Es la antítesis de los restaurantes de autor, renombre y corrección. Y seguramente tenga mucha más tradición, la que dan el peso de cinco décadas con las responsabilidad de no confiarse y dejarse llevar por la notoriedad. Cinco décadas, o más, creando vínculos que han pasado de padres a hijos, de abuelos a nietos, de suegros a yernos y así hasta el infinito. Un restaurante digno de saga en el que el mobiliario y la carta, y hasta los camareros, son unos clásicos. De toda la vida. Y todo está rico. Así es el Bar La Peña, uno de los locales más célebres de Leganés. La vieja huerta de Madrid, que antes que ciudad fue pueblo, siempre tuvo propensión por el conejo. Y no pocos fogones giraron a este protagonista otrora superextendido por sus campos. Ahora aquellos son suelo urbano, pero esa es otra historia.

La Peña, la que nos ocupa, era uno más entre los bares que ofrecían carnes al ajillo siguiendo los parámetros del ajimoroji, un flambeado que llegó desde el norte de África a través de los legionarios que en Leganés tenían su acuartelamiento en la década de los años cuarenta. O eso cuentan, al menos. Otra versión, acaso más creíble, nos habla de un tal Evaristo, natural de un pueblo del suroeste madrileño (Navas del Rey, creían), que acabó viviendo en Leganés y que se hizo con este secreto durante su servicio militar en África, secreto que aplicó en un negociete que tenía en Leganés y en donde Julián, el alma mater del Peña, comenzó su vida laboral siendo muy joven. Julián creció y aprendió. En todo caso, sea cual sea la versión correcta, la receta caló y en varias casas de comidas se ofrecía esta especialidad. Lo hizo tanto que realmente Leganés se hizo con una particularidad. La Peña, asentado en la planta baja de un edificio de varias alturas, estuvo mucho antes en una casa baja toda entera para él. Hablamos de los años cincuenta del siglo XX. Después llegó la construcción del edificio, pero el negocio se adaptó al nuevo escenario. Y hasta hoy mismo, sobreviviendo a todos sus rivales y quedándose en solitario. Eso sí, cerrando los miércoles salvo que caiga en festivo. Caiga quien caiga. Incluso el fútbol. Son los privilegios inherentes a la tradición.

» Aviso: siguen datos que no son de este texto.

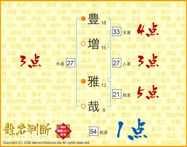 豊(18画)増(15画) 雅(12画)哉(9画)
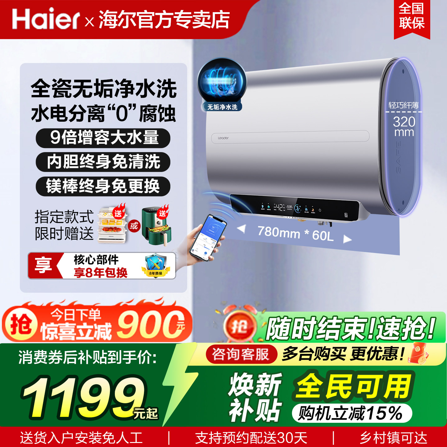 【以旧换新补贴】海尔智家统帅电热水器扁桶家用60升洗澡一级节能
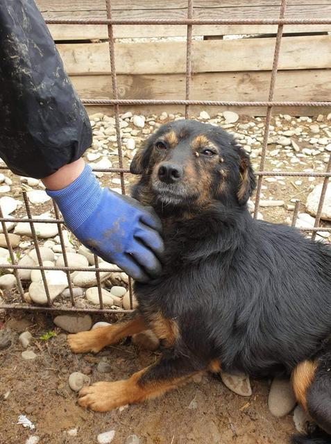 Da wir TINY mit einem Zeckenmittel behandeln mussten, sie uns aber nach wie vor auswich, haben wir sie vorsichtig in eine Ecke gedrängt. TINY ließ alles mit sich geschehen, wir konnten sie gut behandeln und mit der Zeit schien sie sogar unsere Streicheleinheiten zu genießen und schloss für Momente ihre Augen.

La Peña está practicamente igual que siempre.Frescos oscurecidos por millones de bocanadas de humo emanadas de gargantas satisfechas del festín, percheros con pezuñas de cérvido, manteles y servilletas de papel, licencia para comer con las manos sin remordimientos… incluso jarras de metal para mantener fresca la cerveza. Y el ajimoroji, por supuesto, una particularidad que lo hace casi único y provoca sucesiones de miga de pan en busca de un saboreo más intenso. A La Peña se va a comer pollo y sobre todo conejo. No en vano muchos conocen a este restaurante como "La casa de los conejos". Ahora bien, ¿es barato? No especialmente, pero tampoco es un robo. Es lo que es. Y es para ir en grupo, con su sucesión de postres (al loro el pijama), cafés, digestivos y cubatazos. Así se disfruta más, por la compañía y el cachondeo. Los camareros, la mayoría frisando los cincuenta y pico (el maestro, el Vice, el enteraíllo...), son zorros viejos, guasones, diligentes, prácticos y enrrollados. Y eso también hace un poco mejor a La Peña. En la calle Juan Muñoz de Leganés.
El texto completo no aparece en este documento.